Whispr is built to keep reporting, follow-up, and case handling inside a controlled environment. Buyers, privacy teams, and IT reviewers can use this page to see the controls in the product, the hosted stack, and the areas that remain contract-dependent.
Access is limited by role and scope, reporter follow-up uses a dedicated mailbox model, and audit activity is recorded in the product.
The platform includes role-aware access, audit events, case routing, legal hold enforcement, and separation between reporter-visible and handler-only activity.
Security is only one part of the decision. Teams should also confirm roles, retention rules, and operating responsibilities.
In compliance mode, the product creates a dedicated reporter mailbox token and return code for secure follow-up. Internal notes, assignment actions, and administrative audit history stay separate from the reporter-facing thread.
Whispr uses role-aware permission checks in the admin application. Disabled users are blocked, team roles are normalized, and access can be limited by assignment or organizational scope depending on the product mode.
Whispr is deployed on managed cloud services that provide encrypted transport and platform-level storage protections. If you need deeper assurance details, request the security packet during procurement or technical review.

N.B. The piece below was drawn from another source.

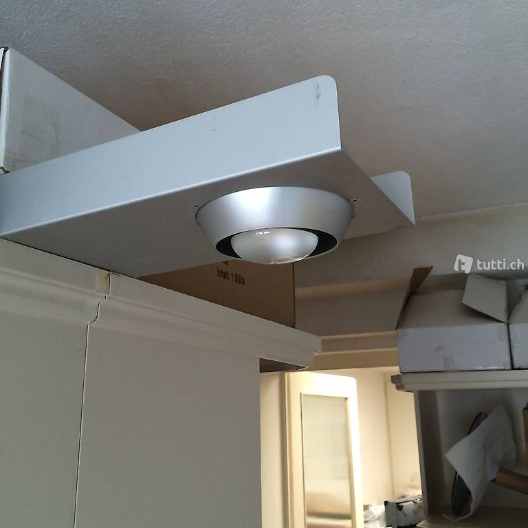 Wandstrahler mit einsetzbarer, drehbarer Kugel für Leuchtmittel, wird in eine runde Oeffnung eingesetzt und kann dadurch an die auszuleuchtende Fläche flexibel positioniert werden
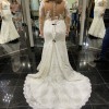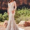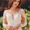 The sheer neckline and long sleeves create an ethereal quality, while the sheer back adds an element of surprise and sophistication, allowing for beautiful glimpses of skin beneath the detailed lace. Designed to enhance your natural beauty, this floor-length dress will make you feel truly radiant on your special day.

The compliance backend defines audit events for case creation, acknowledgment, assignment, replies, note creation, file activity, exports, legal hold changes, retention changes, and closure. Export and close actions are blocked when an active legal hold is present.
To keep trust materials defensible, this page does not make unsupported promises about session inactivity windows, backup cadence, uptime SLAs, certification scope, or procurement turnaround times. Those items should appear only in signed agreements or technical review materials when they are actually available.